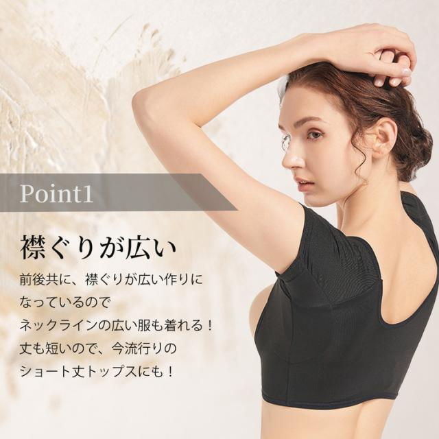 前も後ろも襟ぐりが広いデザインなので、ネックラインが広いトップスも着用しやすいです
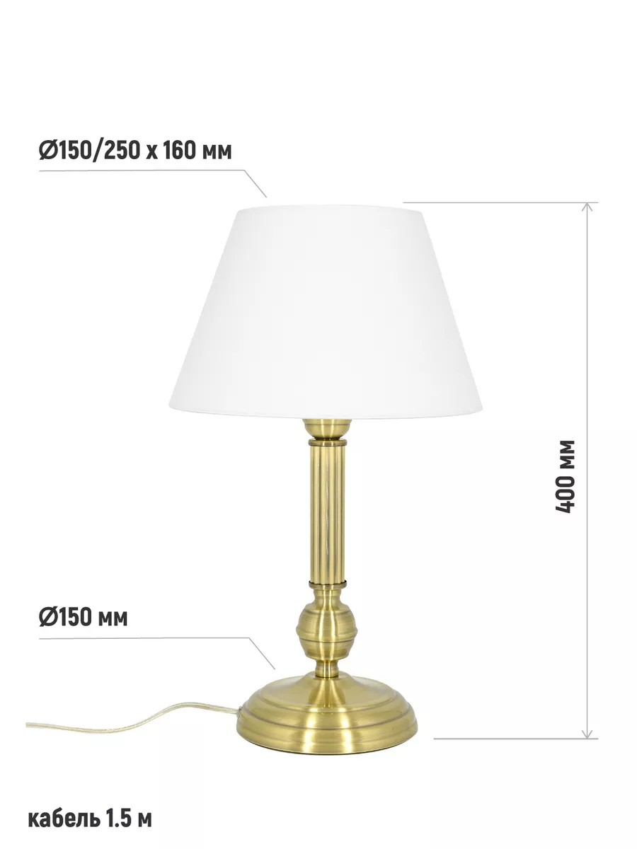 Светильник настольный сочетает с абажуром из ткани, придает ему современный и стильный вид. Основание имеет диаметр 16 см обеспечивает надежную устойчивость, а плафон размером 150/250 диаметр и высота 16 см добавляет шарма и оригинальности.
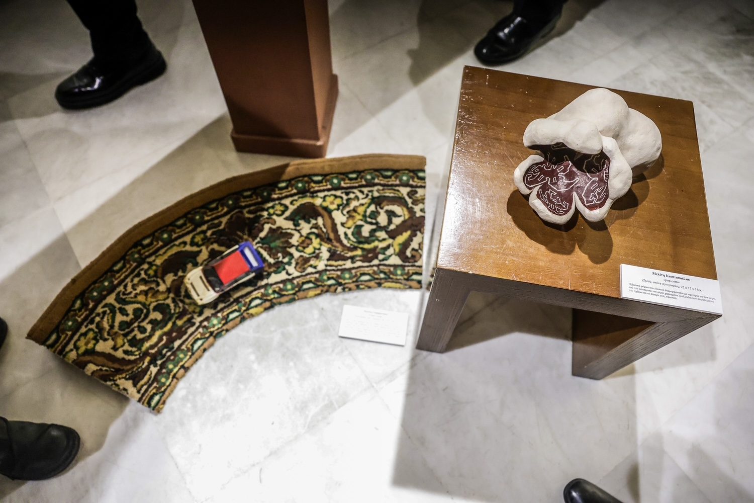 Αυτή είναι λοιπόν η τέχνη. Παίρνει σήμερα, μετά από δεκάδες χρόνια, ένα έργο κόπου, μόχθου, αγάπης και το μετατρέπει στο πώς το αντιλαμβανόμαστε σήμερα. Και αυτή η έμπνευση σήμερα είναι μπροστά μας, διαθέσιμη, ολόκληρη, απλόχερα μας παραδίδεται για να τη χαρούμε, για να υπεισέλθουμε στο νόημά της και να καταλάβουμε αυτό που ο κ. Πασχόπουλος αποκάλεσε πολύ σωστά “τη συνομιλία” της σημερινής καλλιτεχνικής αντιλήψεως με τη χθεσινή υφαντική τέχνη, με τη χθεσινή τέχνη της υφάντρας που με κόπο και μεράκι έβαλε ένα χρώμα στο σπίτι της, ένα στολίδι στο σπίτι της, όπως η ίδια το αντιλαμβανόταν.
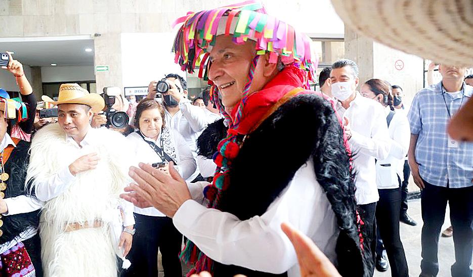 El responsable de la política del país fue vestido con la indumentaria de pueblo originario tsotsil de los Altos de Chiapas, un chuj negro de lana de borrego y un sombrero de palma con
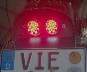 2 LED Mini Blinker in Form von einem eisernem Kreuz hinten,
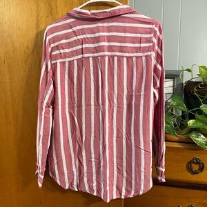 Lovely American Eagle oversize fit red and white stripe long sleeve button down blouse. Women’s size medium. Very good used condition.
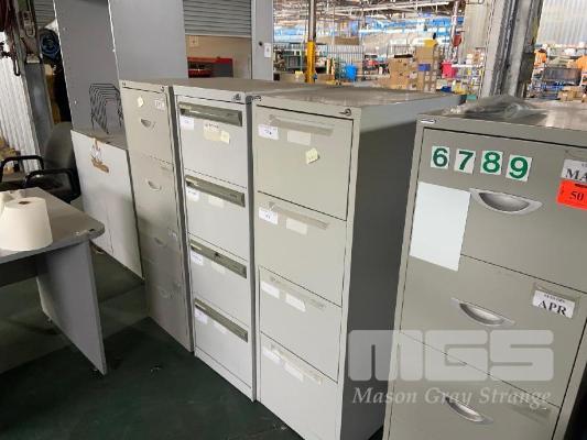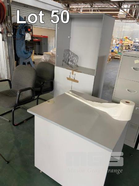 6 x 4 DRAWER STEEL FILING CABINETS TIMBER LAMINATE TABLE, 3000 x 1200mm CORNER DESK & CUPBOARD
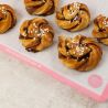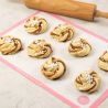 Antypoślizgowa, nieprzywierająca powierzchnia podkładki umożliwia równomierne rozprowadzanie ciasta, czekolady i polew, a po zastygnięciu dekoracje łatwo odchodzą od podłoża. Dodatkowo można umieścić pod nią szablony, aby szybko i precyzyjnie tworzyć napisy oraz wzory.
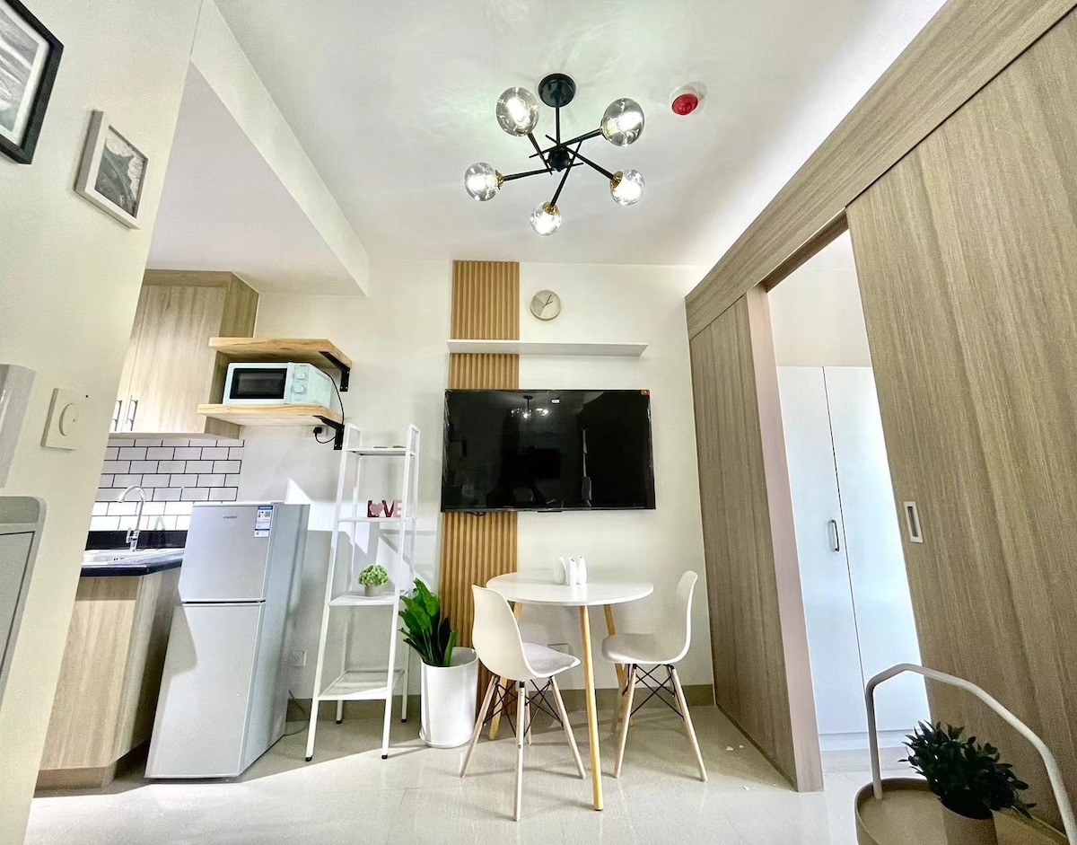 Iholide yesixeko ezolileyo ikulindile kule ndawo intle enegumbi lokulala eliyi-1 nebhalkhoni eseShore 1 Residences. Uhambo nje olufutshane ukusuka kwi-MOA nemizuzu eyi-15 ngemoto ukuya eNAIA (iikhilomitha eziyi-4.5), yeyona ndawo ifanelekileyo enoba ukwidolophu yomsebenzi okanye iholide. Le ndawo eyi-27 sqm yenziwe ngendlela ecingwe kakuhle ukuze uhlale kamnandi. Yonwabela izinto zale mihla ezifana ne-Smart TV eyi-55 "eneYouTube neNetflix, ibhedi yesofa etofotofo, i-Wi-Fi ekhawulezayo eyi-200mbps, nebhedi etofotofo onokuphumla kuyo emva kosuku olude.
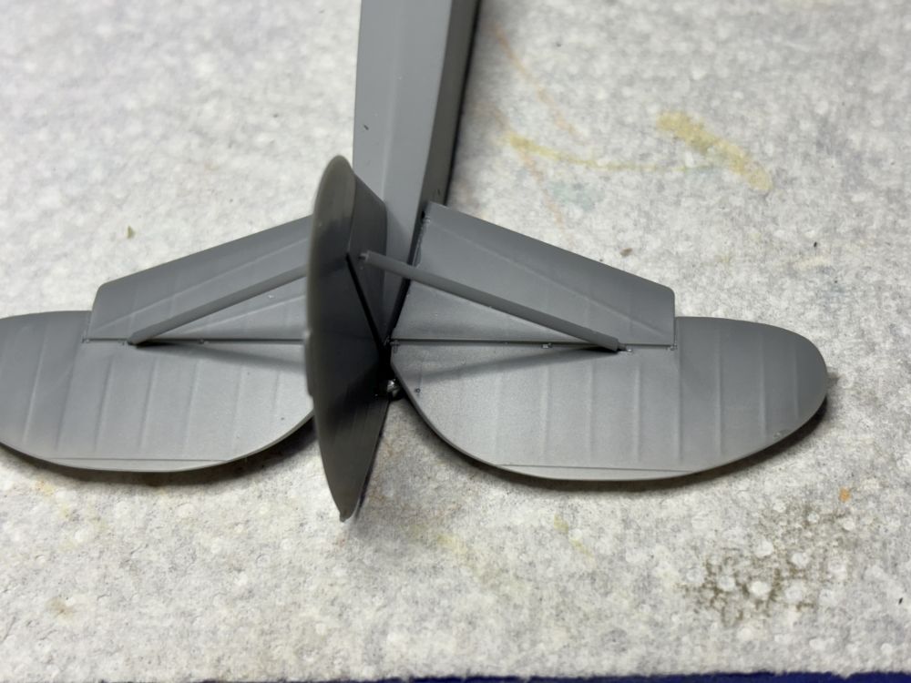 Danach wurden noch Seiten- und Höhenleitwerk montiert. Auch dieses ist sehr schön ausgeführt. Allerdings gab es hier die erste kleine Ungenauigkeit. Die Montagezapfen am Höhenleitwerk waren zu lang und mussten gekürzt werden. Trotzdem gab es beidseitig einen kleinen Spalt zu verschließen. Mit Acrylspachtel und Wasser zu Glattziehen war dies jedoch schnell erledigt.
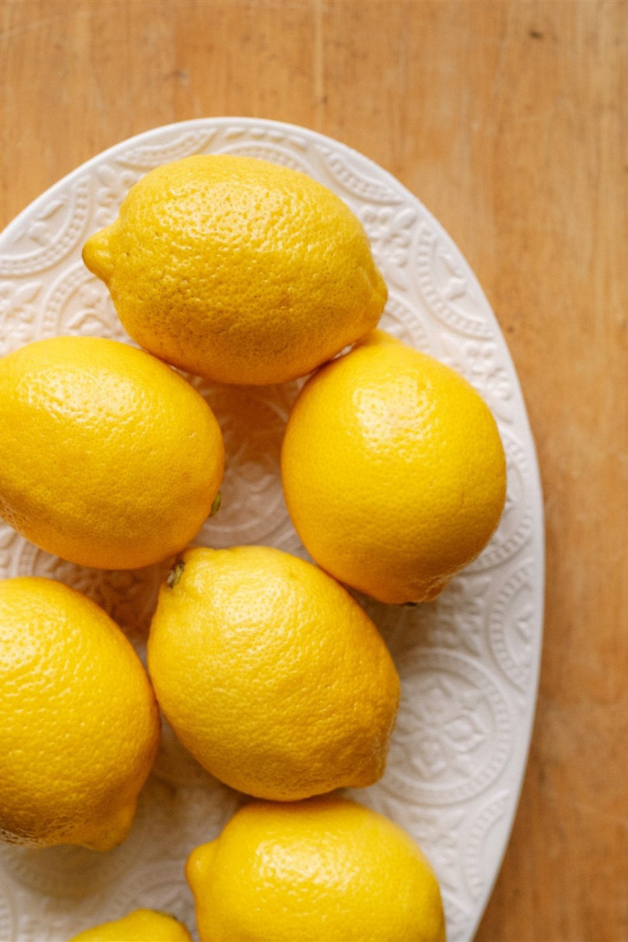 Child holding lemons on a wooden table with a plate of lemons in the background.

Assigned task —
Copy the records above from the first line through the line containing "Светильник настольный сочетает", both included, and leave out any pictures.

Response for this exercise —
 前も後ろも襟ぐりが広いデザインなので、ネックラインが広いトップスも着用しやすいです
 Светильник настольный сочетает с абажуром из ткани, придает ему современный и стильный вид. Основание имеет диаметр 16 см обеспечивает надежную устойчивость, а плафон размером 150/250 диаметр и высота 16 см добавляет шарма и оригинальности.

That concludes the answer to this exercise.